BONDS SURGE ON BAILOUT CONCERNS -- LONG-TERM RATES HIT RESISTANCE - GOLD EXTENDS ITS GAINS AND COVERAGE -- USING SHORT-TERM RSI TO IDENTIFY PULLBACKS
BONDS EXTEND ADVANCE... Today's Market Message was written by Arthur Hill. - Editor
As John Murphy noted, there was a flight to safety as money charged into gold, bonds and the Dollar on Tuesday. Bonds and gold added to their gains with another surge early Wednesday. The rise in bonds reflects a lack of confidence in the banking bailout proposed by Geithner and company. Chart 1 shows the iShares 20+Yr T-Bond ETF (TLT) bouncing off its support zone with a big move over the last 2-3 days. First, notice that TLT surged from 92.5 to 122.5 in November-December. This huge move created an overbought situation that needed to be rectified with either a correction or a consolidation. TLT choose the correction route with a rather sharp decline in 2009. However, the decline was not as sharp as the prior advance. The bond ETF found support from broken resistance and the 62% retracement mark (yellow zone) in the low 100s. Also notice that TLT became oversold as RSI touched 30 at the end of January. Even though the trend this year is down as TLT remains within a falling channel, the surge off this support zone is a strong start towards resuming the Nov-Dec advance. The setup below first appeared in the 29-Jan market message.

Chart 1
LONG-TERM RATES DECLINE... The 10-Year Note Yield ($TNX) hit resistance around 3% and declined sharply over the last two days. Remember, bonds and rates are negatively correlated. Bonds move higher as rates move lower and visa versa. After plunging to around 2% in late December, Chart 2 shows the 10-Year Note Yield surging back to 3% this year. In percentage terms, this is a 50% advance within a two month period. Even though still low by historical standards, the sharp rise in treasury rates affects other rates, like mortgage rates. 30-year fixed rate mortgages followed treasury yields with a move above 5% in early February. Further strength in bonds would put downward pressure on long-term rates. This, in turn, would put downward pressure on mortgage rates. While lower rates are generally bullish, falling rates (rising bonds) presents a double-edged sword.
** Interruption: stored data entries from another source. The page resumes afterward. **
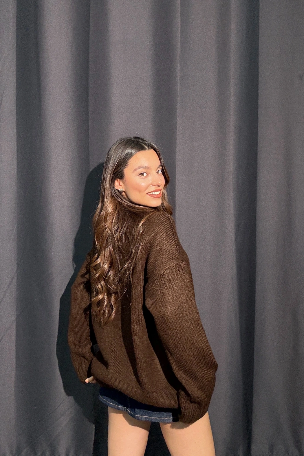 Boğazlı Transparan Kahverengi Kaşmir Body
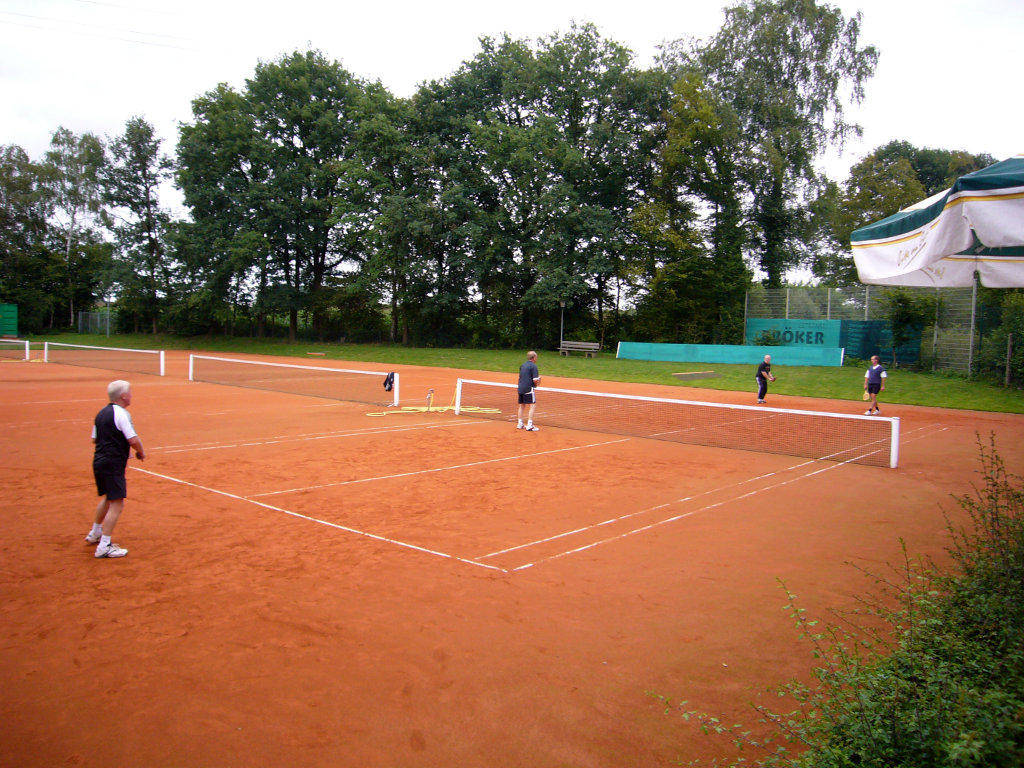 Beim Herren-Doppel-Turnier am Samstag, 30.7., war der Wettergott milde gestimmt. Das Turnier fand im Verhältnis zu den vorangegangen Tagen unter ungewöhnlich guten Wetterbedingungen statt. Ungewöhnlich war auch diesmal der Turniermodus. Die Jung- und Altsenioren wurden in Gruppen aufgeteilt und es wurde jeweils der Gruppensieger ermittelt.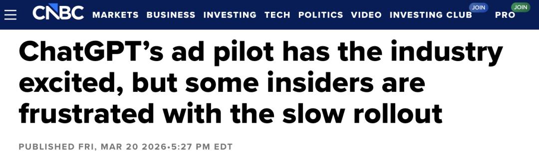 除了对手 Anthropic 在超级碗上的“精准嘲讽”,更残酷的反馈来自一线。CNBC报道,据多位广告业内人士透露,到目前为止,测试的进展过于缓慢,未能达到此前宣传的热度。测试计划令许多合作伙伴感到沮丧。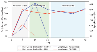 Fig. 6. Variation in the monocyte percentage and daily mortality in broilers. Table 4. Serum biochemistry parameters of broiler chickens throughout the experimental period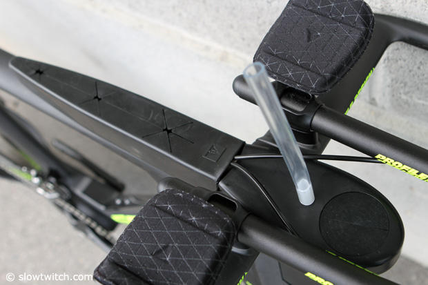 The view from above shows the water fill spot and where you can store gels etc. The top tube storage unit can also be divided inside, that is something Kienle suggested. The bars and extensions are new too and according to Profile Design will come to their product line soon too.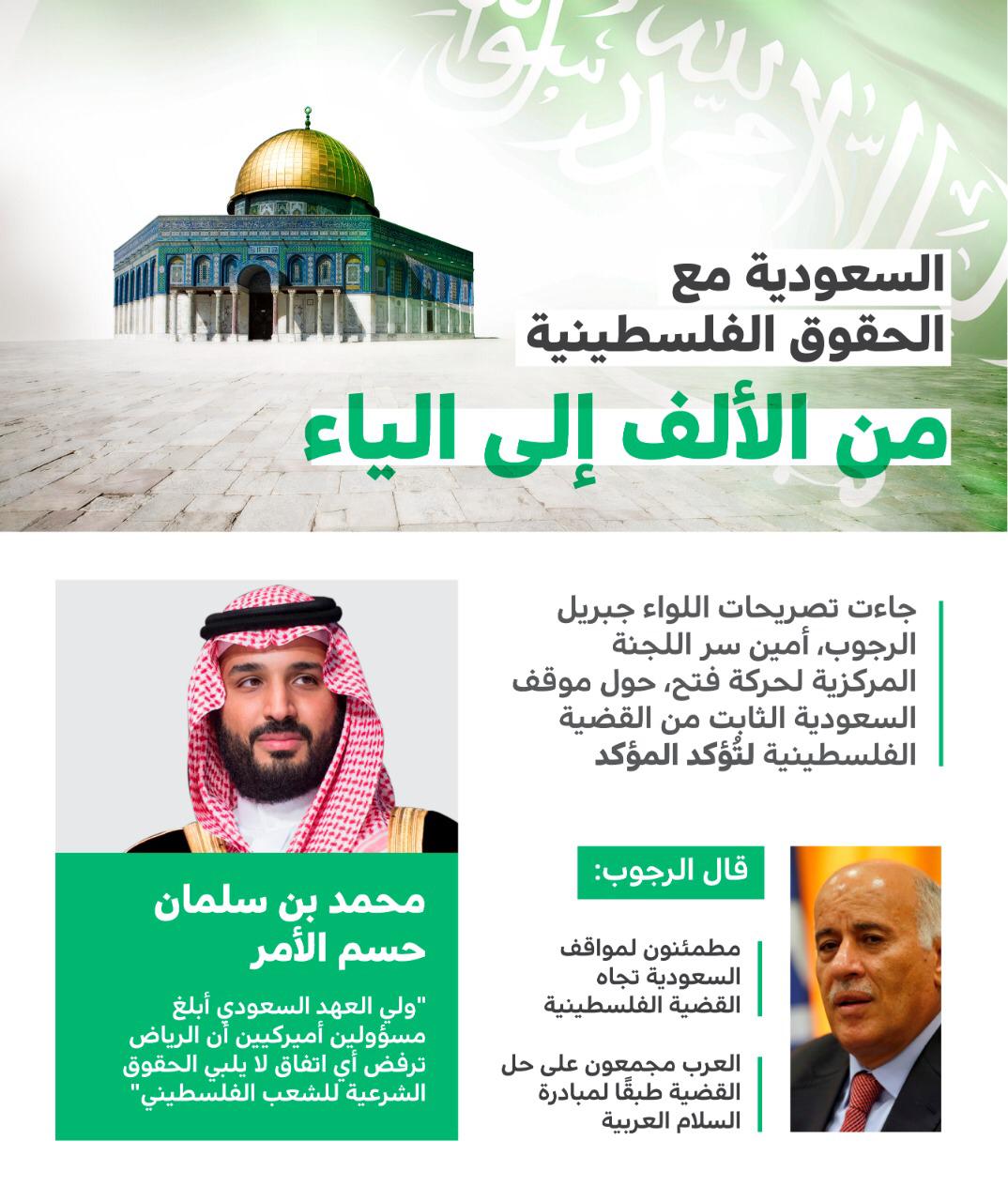 وتابع الرجوب أن ولي العهد الأمير محمد بن سلمان، أبلغ مسؤولين أميركيين أن الرياض ترفض أي اتفاق لا يلبي الحقوق الشرعية للشعب الفلسطيني.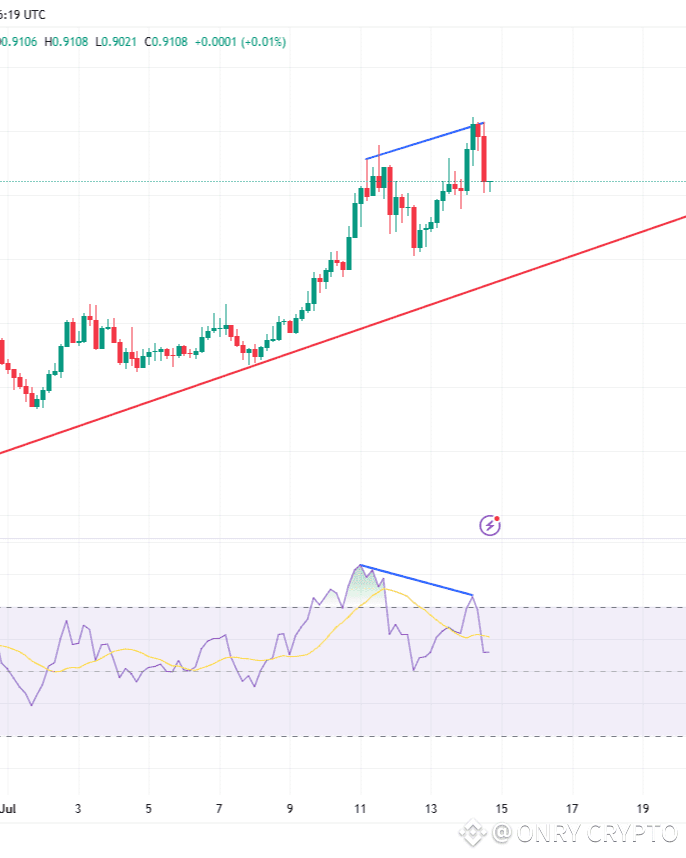 This 4-hour ONDO/USDT chart shows a strong bearish divergence. Signals weakening bullish momentum. If selling pressure continues, ONDO may test lower support levels.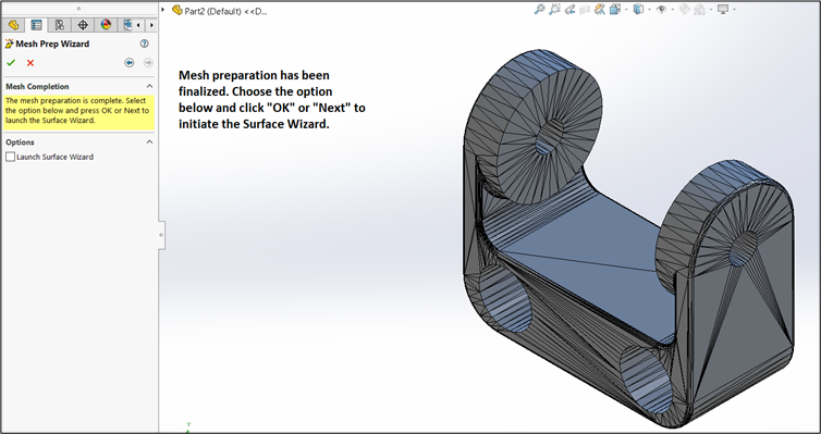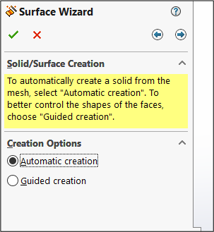 The Surface Wizard becomes accessible once you finish using the Mesh Prep Wizard. Within the Surface Wizard, you'll encounter two creation options: Automatic and Guided.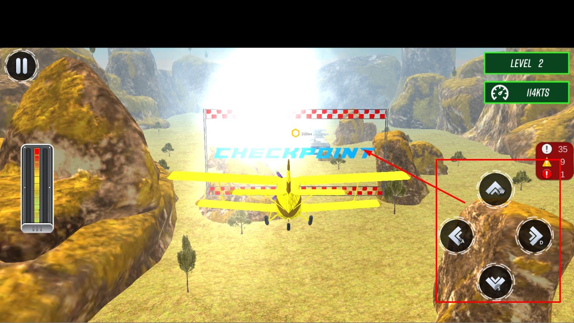 2、通过方向按钮操控飞机,调整姿态与速度,以【114KTS】穿过【CHECKPOINT】,保证飞行稳定。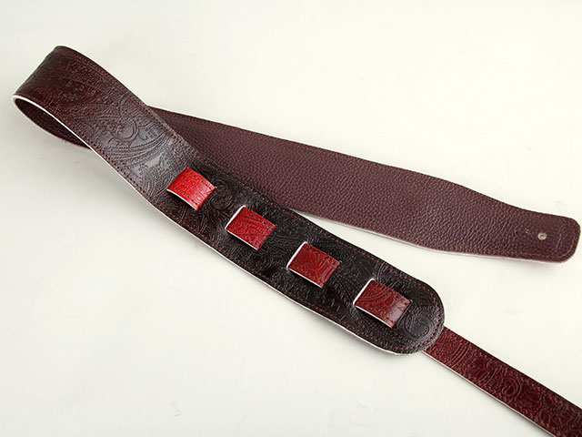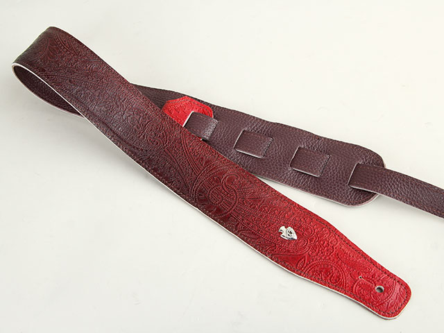 楽器を華やかに彩る、CS G-Premium Paisley Hand Dye #2は、手染めによって深みのあるダークレッドからカカオブラウンへのグラデーションにDark Cherryカラーで染色され、落ち着いた雰囲気のデザインに仕上げられています。裏側にはブラウンカラーのシュリンクレザーが採用されており、扱いやすい1本に仕上がっています。インナークッションも入った至れり尽くせりな豪華仕様となっており、肩への負担に不安がある方にもおすすめの1本です。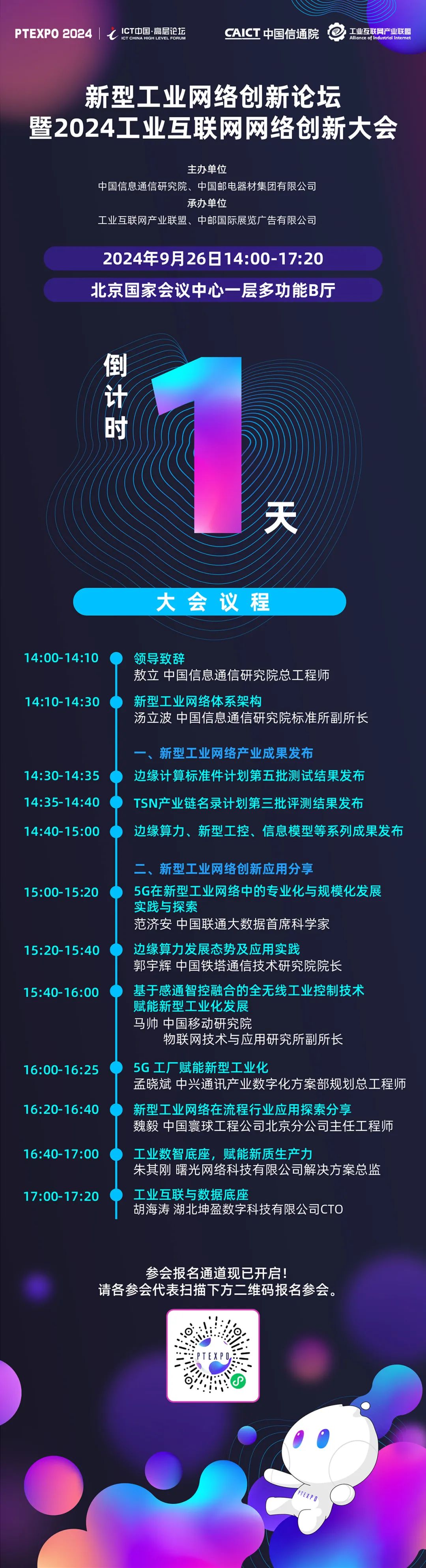 倒計(jì)時(shí)1天!新型工業(yè)網(wǎng)絡(luò)創(chuàng)新論壇暨2024工業(yè)互聯(lián)網(wǎng)網(wǎng)絡(luò)創(chuàng)新大會(huì)邀您參會(huì)

A surge in bonds could come at the expense of the stock market because bonds represent a flight to safety.

Chart 2
GOLD LEADS THE WAY IN 2009... The streetTRACKS Gold ETF (GLD) has been a regular feature of the market message in 2009. By my count, gold has been featured in the market message 15 times this year. This is second only to general stock market observations and coverage of the major stock indices. Enough already! Chart 3 shows GLD with four other asset classes: the US Dollar Index Bullish ETF (UUP), the Commodity Tracking Fund (DBC), the S&P 500 ETF (SPY) and the iShares 20+Yr T-Bond ETF (TLT). Only two of the five are in positive territory for 2009. Gold and the Dollar form a strange pairing, but that's where the money went so far this year. Stocks, commodities and bonds are all down for the year. Given the strong Dollar, weakness in commodities is not a surprise. Even though strength in gold is somewhat surprising, it merits our continued attention.

Chart 3
Chart 4 shows weekly prices for the streetTRACKS Gold ETF. GLD broke channel resistance with a surge four weeks ago and remained strong. This channel looks like a big falling flag, which represents a bullish consolidation pattern. The breakout signals a continuation of the prior advance. This targets a move above the 2008 high, which would forge a 52-week high.

Chart 4
Chart 5 shows daily prices for GLD with two RSI variations. GLD is up over 30% from its November lows, but 14-day RSI has yet to become overbought. RSI suggests further room to run before becoming overbought. The second indicator shows 3-period RSI, which is designed to find short-term oversold conditions. Catching a strong uptrend can be challenging. Kind of like hopping on a moving train. In order to generate short-term oversold signals, indicator timeframes need be shortened. A number of traders in the blogosphere have been advocating 2-period RSI to identify short-term overbought/oversold conditions. This example uses 3-period RSI. A move below 30 denotes an oversold condition. A subsequent move back above 50 signals a resumption of the uptrend. Like all indicators, it is not perfect, but can be used to help identify short-term pullbacks within medium-term uptrends.